But I am extremely tired of what-feels-to-me like riffs being put on [my idea's tab], and of the effort involved in separating out the threads.  And I do not think it is a result of e.g. a personal failure to be clear in my own claims, such that if I wrote better or differently this would stop happening to me.  I keep looking for a context where, if I say A and it makes people think of B and C, we can talk about A and B and C, and not immediately lose track of the distinctions between them.

EDIT: I should be more fair to Scott, who did indeed start his post out with a frame pretty close to the one I'm requesting.  I think I would take that more meaningfully if I were less tired to start with.  But also it being "a response to Scott's model of Duncan's beliefs about how epistemic communities work, and a couple of Duncan's recent Facebook posts" just kind of bumps the question back one level; I feel fairly confident that the same sort of slippery rounding-off is going on there, too (since, again, I almost entirely agree with his commentary, and yet still wrote this very essay).  Our disagreement is not where (I think) Ben and Scott think that it lies.

I don't know what to do about any of that, so I wrote this comment here.  Epistemic status: exhausted.

I believe that I could not pass your ITT. I believe I am projecting some views onto you, in order engage with them in my head (and publicly so you can engage if you want). I guess I have a Duncan-model that I am responding to here, but I am not treating that Duncan-model as particularly truth tracking. It is close enough that it makes sense (to me) to call it a Duncan-model, but its primary purpose in me is not for predicting Duncan, but rather for being there to engage with on various topics. 

I suspect that being a better model would help it serve this purpose, and would like to make it better, but I am not requesting that. 

I notice that I used different words in my header "Scott's model of Duncan's beliefs," I think that this reveals something, but it certainly isn't clear, "belief" is for true things, "models" are toys for generating things.

I think that in my culture, having a not-that-truth-tracking Duncan-model that I want to engage my ideas with is a sign of respect. I think I don't do that with that many people (more than 10, but less than 50, I think). I also do it with a bunch of concepts, like "Simic," or "Logical Induction." The best models according to me are not the ones that are the most accurate, as much as the ones that are most generally applicable. Rounding off the model makes it fit in more places.

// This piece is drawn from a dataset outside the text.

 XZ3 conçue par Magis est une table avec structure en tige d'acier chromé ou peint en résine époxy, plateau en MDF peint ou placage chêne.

However, I can imagine that maybe in your culture it is something like objectification, which causes you to not be taken seriously. Is this true?

If you are curious about what kind of things my Duncan-model says, I might be able to help you built a (Scott's-Duncan-Model)-Model. In one short phase, I think I often round you off as an avatar of "respect," but even my bad model has more nuance than just the word "respect".

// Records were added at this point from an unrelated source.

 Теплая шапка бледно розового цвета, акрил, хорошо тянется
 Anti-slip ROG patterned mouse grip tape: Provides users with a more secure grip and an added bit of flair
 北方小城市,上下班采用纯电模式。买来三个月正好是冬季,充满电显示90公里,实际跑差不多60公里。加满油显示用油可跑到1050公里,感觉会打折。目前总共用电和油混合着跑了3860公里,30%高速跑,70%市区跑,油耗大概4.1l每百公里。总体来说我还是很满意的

I imagine that you are imagining my comment as a minor libel about you, by contributing to a shared narrative in which you are something that you are not. I am sad to the extent that it has that effect. I am not sure what to do about that. (I could send things like this in private messages, that might help).

However, I want to point out that I am often not asking people to update from my claims. That is often an unfortunate side effect. I want to play with my Duncan-model. I want you to see what I build with it, and point out where it is not correctly tracking what Duncan would actually say. (If that is something you want) I also want to do this in a social context. I want my model to be correct, so that I can learn more from it, but I want to relinquish any responsibility for it being correct. (I am up for being convinced that I should take on that responsibility, either as a general principal, or as a cooperative action towards you.)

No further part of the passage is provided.